The best defense is a good offense
The entire cyber landscape is evolving at an unprecedented rate. We’ve seen this across every element of cybercrime, and phishing is no different. Cybercriminals regularly adapt and update their tactics to out-pace mitigation efforts and stay ahead of the game.
Keeping as well-informed as possible on the latest tactics and trends is fundamental to ongoing protection, as it is adapting your approach to managing the potential risks. Ensuring that the security software is continually (preferably, automatically) updated is easy to overlook, but crucial.
An adjustment to mindset is arguably the most important step in fighting back. As the quest for connectivity and digital acceleration increases, security must remain front-of-mind to guide our online movements.
Abigail Showman, Senior Intelligence Analyst, Flashpoint
Phishing attacks are commonly launched against both individuals and organizations, with the potential for devastating consequences to both. Therefore, fighting back against these attacks requires team and individual-driven efforts.
Two of the most commonly used phishing techniques are:
- Sending fraudulent emails impersonating organizations or administrators and asking potential victims for credentials
- Creating fraudulent websites impersonating a target website that then harvests a victim’s login information
Differing from the cyberattacks that target an organization’s systems, phishing attacks target individuals, making it much more difficult for security teams to oversee and prevent them.
Phishing attacks can appear in a number of different forms, from shipment tracking notifications to newsletters and promotional material. These can be generic or specifically customized to the target. Threat actors often leverage significant events, such as natural disasters or global news events/crises, to lend legitimacy to the phishing campaign. This often compels users to respond out of sympathy.
People should avoid clicking on any link within an unsolicited email or text message. Threat actors have become adept at making phishing campaigns appear legitimate by incorporating an organization’s real contact details, website information, or commonly used messaging.
Checking web domains to verify they are authentic should be common cybersecurity practice, especially if a site is asking a user to enter login credentials or other sensitive information.
Another important step is to limit the amount of publicly available personal information. Threat actors will use this information to create highly customized and personalized messages that appear believable, making it easier to trick the victim into providing sensitive information they may not otherwise provide.
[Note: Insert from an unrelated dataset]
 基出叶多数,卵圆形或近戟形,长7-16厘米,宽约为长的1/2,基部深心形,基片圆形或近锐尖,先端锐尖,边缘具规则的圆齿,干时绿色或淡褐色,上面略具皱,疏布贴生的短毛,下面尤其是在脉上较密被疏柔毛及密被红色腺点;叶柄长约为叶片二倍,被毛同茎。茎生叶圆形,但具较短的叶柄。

Threat actors are adapting and updating their methods, so it’s important to take extra care scrutinising unsolicited emails or messages.
Anti-phishing add-ons should be installed to company devices and browsers to notify employees of a suspicious email or text. Additionally, password rotation should be enforced, requiring employees to change passwords after a given time period. Firewalls should also be installed to shield devices from attempted attacks and prevent infiltration by threat actors.
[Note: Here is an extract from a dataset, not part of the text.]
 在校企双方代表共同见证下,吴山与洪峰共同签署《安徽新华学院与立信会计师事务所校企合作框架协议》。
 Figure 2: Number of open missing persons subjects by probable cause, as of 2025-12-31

It is critical organizations have a strong threat intelligence program to alert security teams to suspicious activity that could predict an imminent phishing threat.
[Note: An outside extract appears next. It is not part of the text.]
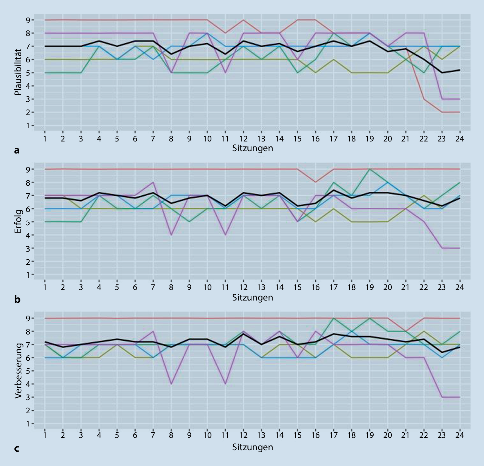 Mittelwerte von 3 Items des Credibility/Expectancy Questionnaire (CEQ; Devilly und Borkovec 2000) über 24 Therapiesitzungen der EFPI-Therapie (erwartungsfokussierte psychotherapeutische Interventionen) hinweg; n = 5. Schwarze Linie Mittelwerte der Bewertungen im Verlauf, bunte Linien Bewertungen der einzelnen Patienten und Patientinnen im Verlauf. Anmerkung: a „Wie plausibel erscheint Ihnen die angebotene Therapie (EFPI) zum jetzigen Zeitpunkt?“ (Plausibilität; Skala 1–9 [„überhaupt nicht plausibel“ – „sehr plausibel“]); b „Was denken Sie zum jetzigen Zeitpunkt, wie erfolgreich diese Therapie (EFPI) Ihre Beschwerden lindern wird?“ (Erfolg; Skala 1–9 [„überhaupt nicht nützlich“ – „sehr nützlich“]); c „Welche Verbesserung Ihrer Beschwerden erwarten Sie am Ende der Therapiezeit? (EFPI)“ (Verbesserung; Skala 1–9 [„überhaupt keine“ –9 „sehr starke“]); n = 5

Perhaps the most important element in mounting a defense against phishing attacks is education. Organizations should educate employees on the signs of a phishing attack and work to instil the messages of precautionary methods throughout the entire company. Good threat intelligence boosts an organization’s ability to educate, providing real-life examples and the most up-to-date information to guarantee individuals have a thorough understanding of the threat landscape.